[Instructions to follow] From the data below, copy exactly the lines that lie between the one holding "Meninggalnya Ir Purnomo" and the one holding "今(jin)飛控(kong)", including both, and nothing more.

[Records to process]
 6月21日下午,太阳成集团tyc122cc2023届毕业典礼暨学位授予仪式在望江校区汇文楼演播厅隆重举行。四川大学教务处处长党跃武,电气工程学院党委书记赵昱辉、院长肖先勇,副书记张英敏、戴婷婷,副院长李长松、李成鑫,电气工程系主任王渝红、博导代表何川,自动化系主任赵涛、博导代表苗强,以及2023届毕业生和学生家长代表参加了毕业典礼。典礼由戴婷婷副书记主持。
---
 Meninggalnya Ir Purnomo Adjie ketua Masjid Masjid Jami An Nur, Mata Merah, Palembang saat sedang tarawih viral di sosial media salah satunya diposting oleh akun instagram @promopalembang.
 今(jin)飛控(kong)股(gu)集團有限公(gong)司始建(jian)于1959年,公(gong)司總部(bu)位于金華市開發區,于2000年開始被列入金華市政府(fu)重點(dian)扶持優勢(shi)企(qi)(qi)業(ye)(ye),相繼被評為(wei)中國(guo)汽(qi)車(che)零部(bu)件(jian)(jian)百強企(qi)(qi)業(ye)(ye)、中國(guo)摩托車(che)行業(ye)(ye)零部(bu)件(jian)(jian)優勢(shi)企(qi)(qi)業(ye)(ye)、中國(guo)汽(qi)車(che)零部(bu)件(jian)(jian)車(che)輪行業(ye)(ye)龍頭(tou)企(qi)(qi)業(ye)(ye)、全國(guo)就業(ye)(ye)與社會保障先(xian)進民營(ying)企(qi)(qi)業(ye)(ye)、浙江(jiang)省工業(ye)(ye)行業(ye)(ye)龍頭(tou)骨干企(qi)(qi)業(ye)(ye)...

[Answer below]
 Meninggalnya Ir Purnomo Adjie ketua Masjid Masjid Jami An Nur, Mata Merah, Palembang saat sedang tarawih viral di sosial media salah satunya diposting oleh akun instagram @promopalembang.
 今(jin)飛控(kong)股(gu)集團有限公(gong)司始建(jian)于1959年,公(gong)司總部(bu)位于金華市開發區,于2000年開始被列入金華市政府(fu)重點(dian)扶持優勢(shi)企(qi)(qi)業(ye)(ye),相繼被評為(wei)中國(guo)汽(qi)車(che)零部(bu)件(jian)(jian)百強企(qi)(qi)業(ye)(ye)、中國(guo)摩托車(che)行業(ye)(ye)零部(bu)件(jian)(jian)優勢(shi)企(qi)(qi)業(ye)(ye)、中國(guo)汽(qi)車(che)零部(bu)件(jian)(jian)車(che)輪行業(ye)(ye)龍頭(tou)企(qi)(qi)業(ye)(ye)、全國(guo)就業(ye)(ye)與社會保障先(xian)進民營(ying)企(qi)(qi)業(ye)(ye)、浙江(jiang)省工業(ye)(ye)行業(ye)(ye)龍頭(tou)骨干企(qi)(qi)業(ye)(ye)...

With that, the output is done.